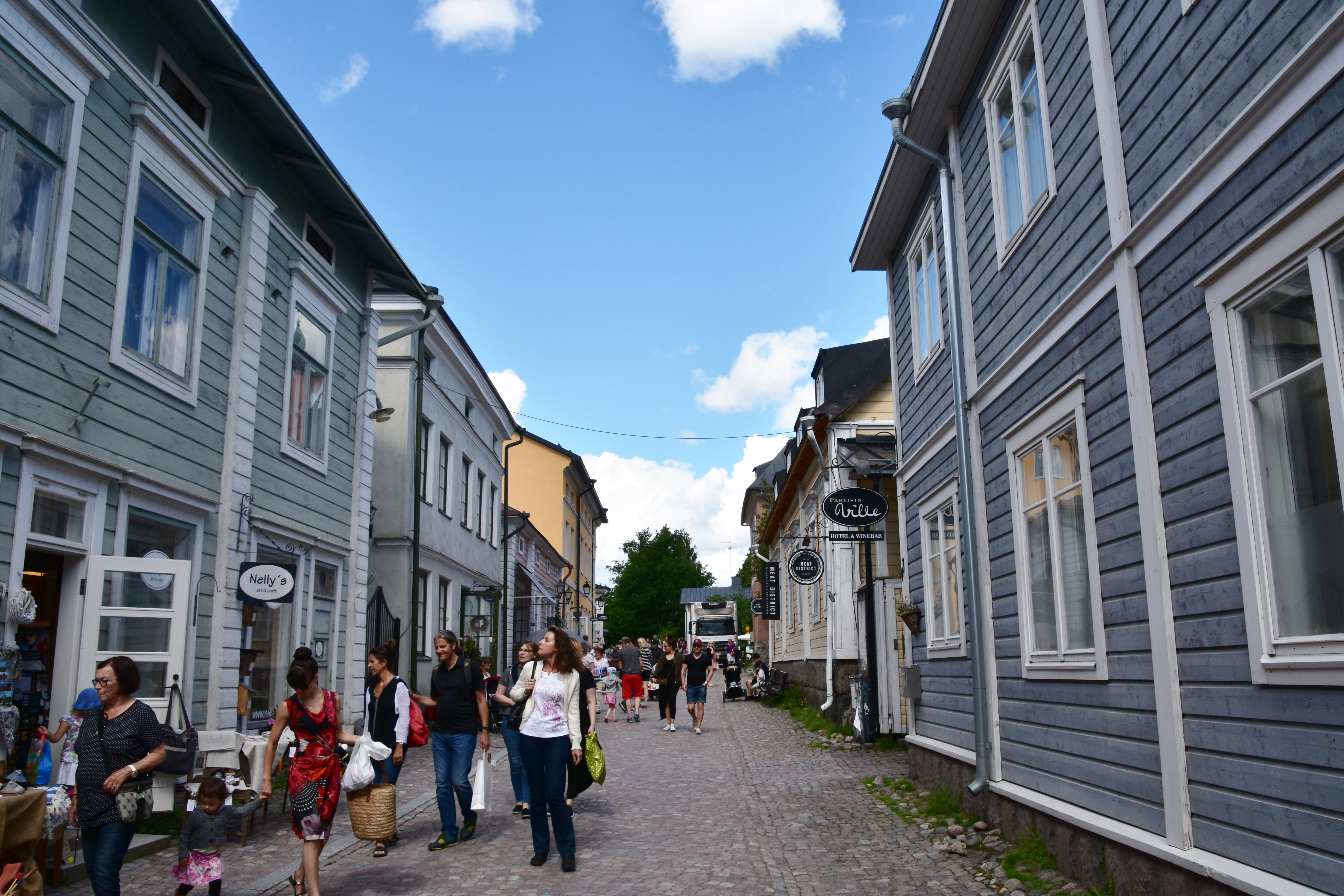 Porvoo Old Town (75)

■ ■ ■

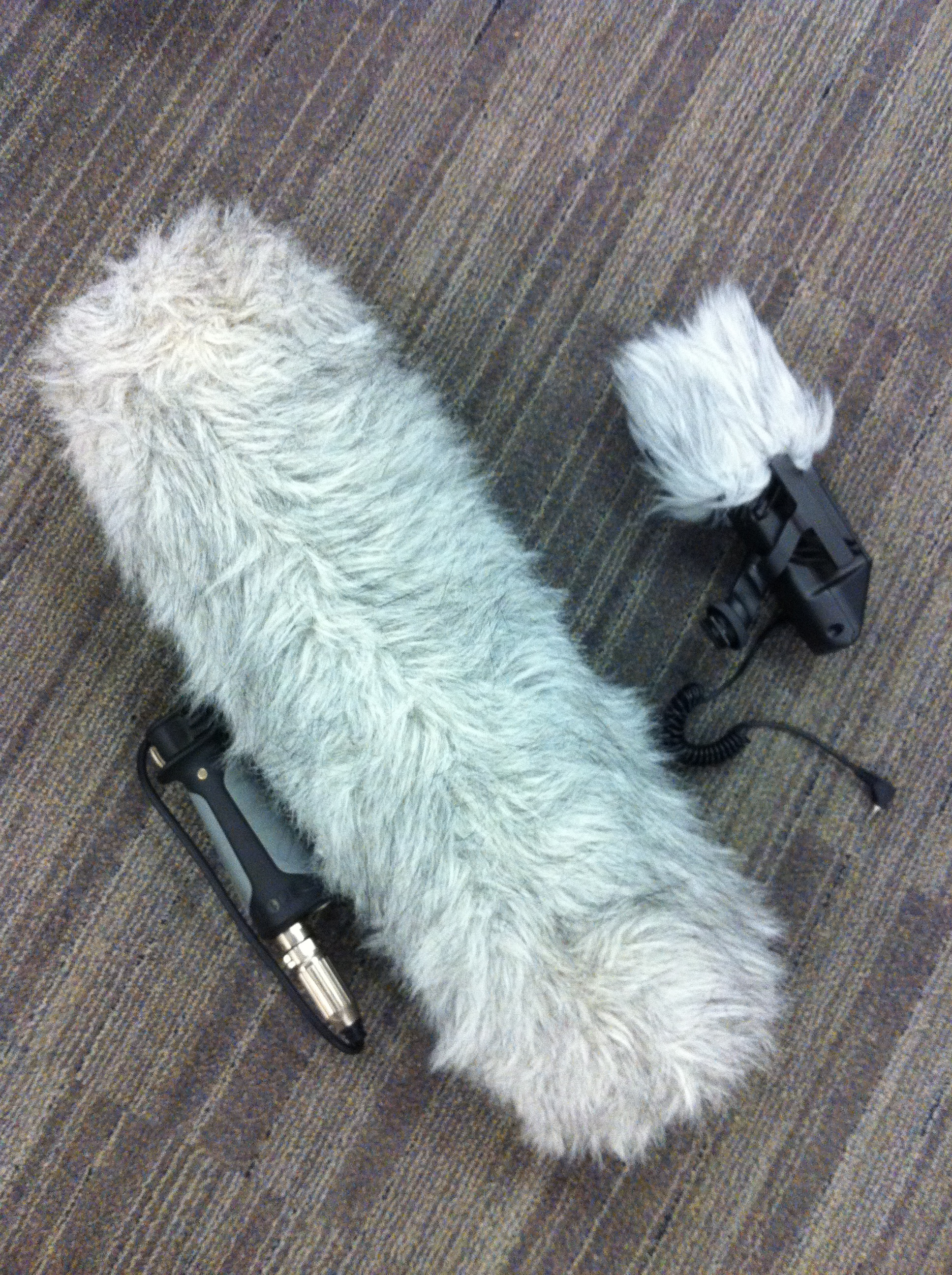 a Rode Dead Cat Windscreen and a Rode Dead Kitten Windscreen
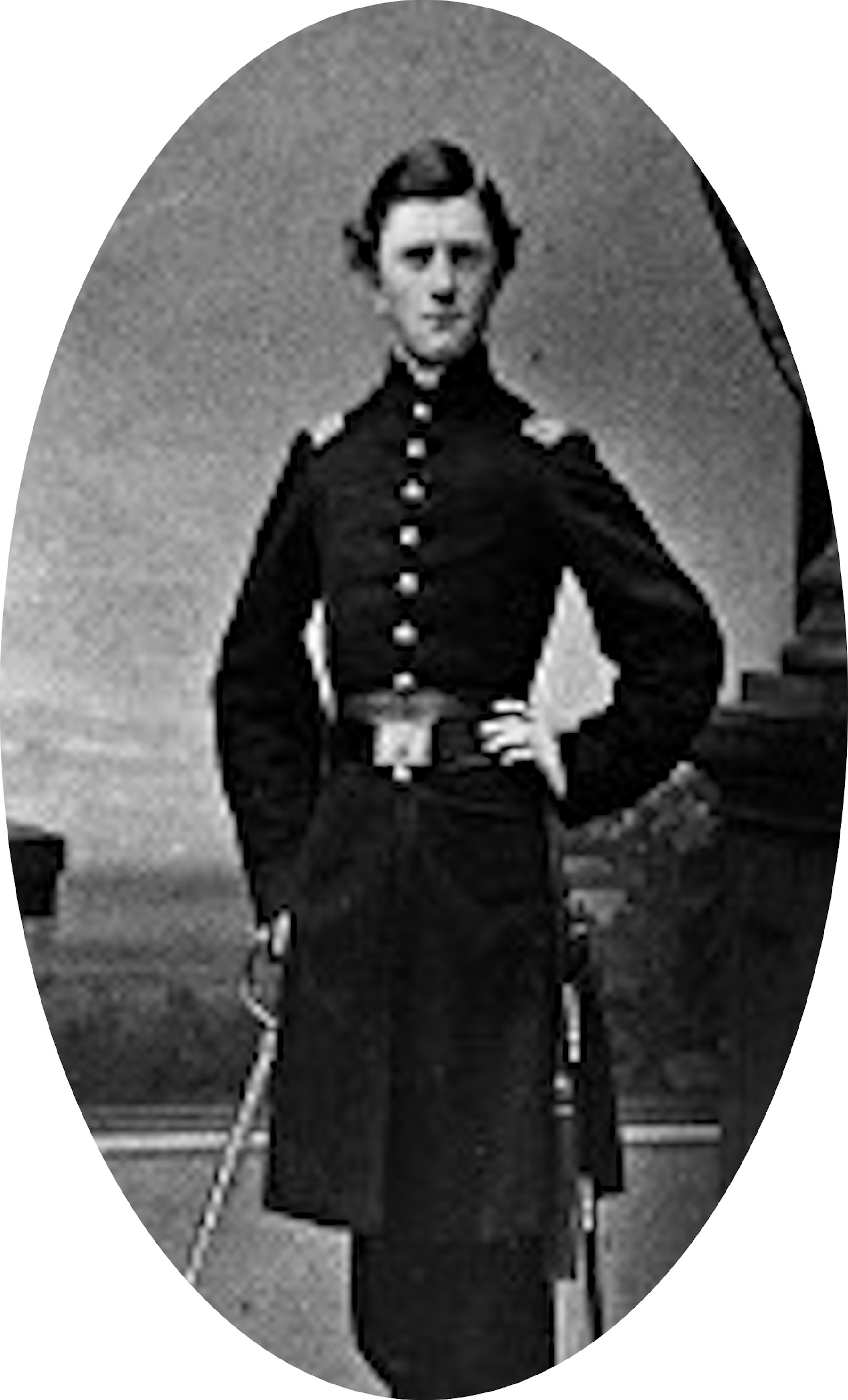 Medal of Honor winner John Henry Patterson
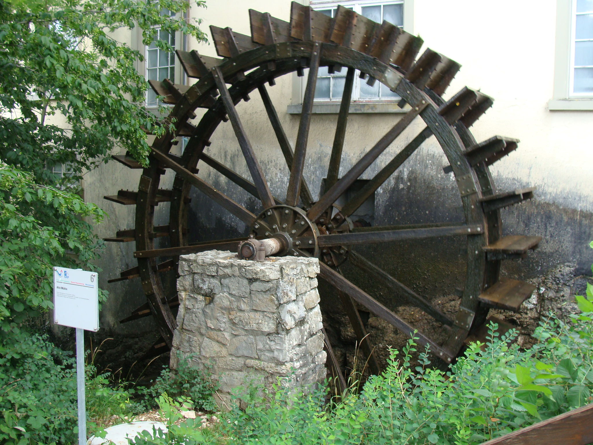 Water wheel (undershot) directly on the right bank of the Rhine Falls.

■ ■ ■

§ What you have to do
Every line above in the stretch from the one with "Medal of Honor winner John Henry Patterson" through the one with "Water wheel (undershot)" is to be transcribed exactly, ends included. No picture is copied.

§ Output of the task
 Medal of Honor winner John Henry Patterson
 Water wheel (undershot) directly on the right bank of the Rhine Falls.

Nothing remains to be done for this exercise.